Margot sipped her tea, then asked, ‘Are you implying there is more behind this than we’ve been told?’

‘No, I wouldn’t want to speculate at this stage. I simply have to say that the methodology underpinning the investigation of your daughter’s disappearance is, in my view as an officer of some nineteen years’ experience in the top police force in the UK, wanting. That’s all.’

‘We don’t suspect Roy,’ Margot Balkwill said. ‘Just so you don’t jump to the wrong conclusions.’

‘I’m sure you don’t. Perhaps I should make one thing clear from the outset. My investigation is not a witch hunt. It is merely about closure. Enabling you and your husband to move on.’

‘That will depend, won’t it, on whether our daughter is alive or dead?’

‘Absolutely,’ Cassian Pewe said. He drank some more of his tea, then cleaned his teeth with his tongue. He pulled his card from his pocket and laid it on the table. ‘If there is anything, at any time, you think of that might be helpful for me to know, call me.’

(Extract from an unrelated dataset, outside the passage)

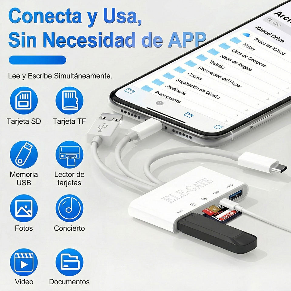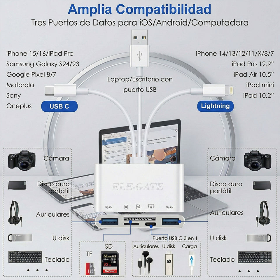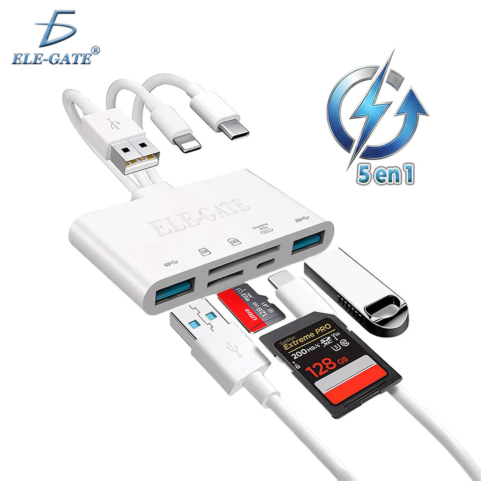 Lettore di Schede Intelligente 5-in-1 con USB USB-C per Adattatore OTG Lightning, Supporta Schede SD e TF, Porta USB 2.0, Certificato ROHS

‘Thank you,’ Margot Balkwill said. ‘You are a good man. I can feel it.’

Pewe smiled.

51

OCTOBER 2007

Abby blinked, waking up from a confusing dream to a strange whirring sound. Her stomach was hurting. Her face felt numb. She was freezing cold. Shivering. Staring at cream wall tiles. For a moment she thought she was in a plane, or was it a cabin on a ship?

Then the steady, slow realization that something was very wrong. She couldn’t move. She smelled plastic, grout, tile cement, disinfectant.

Now it was coming back. And with an explosion of swirling darkness inside her, she remembered.

Fear shimmied through her. She tried to raise her right arm to touch her face. And that was when she realized she couldn’t move.

Or open her mouth.

Her head was pulled back so much her neck was hurting and something hard was sticking into her back. It was the cistern, she realized. She was seated on the lavatory. It was hard to see anything except straight ahead and she had to strain her eyes to look down. When she did, she became aware she was naked, bound with grey gaffer tape around her midriff, her breasts, her wrists and ankles, her mouth and, she assumed, because that was what it felt like, her forehead.

She was in the guest shower room of her flat. Staring at the walk-in shower cabinet, with a packet of expensive soap, never unwrapped, in the dish, a sink and a few towel rails, and the beautifully tiled walls, in cream with Romanesque tiles and a dado rail. There was a door to her right, through to the tiny utility room, in which were crammed a washing machine and tumble dryer, and at the back of which was a fire escape door out on to the stairwell. The main door out on to the hallway, to her left, was ajar.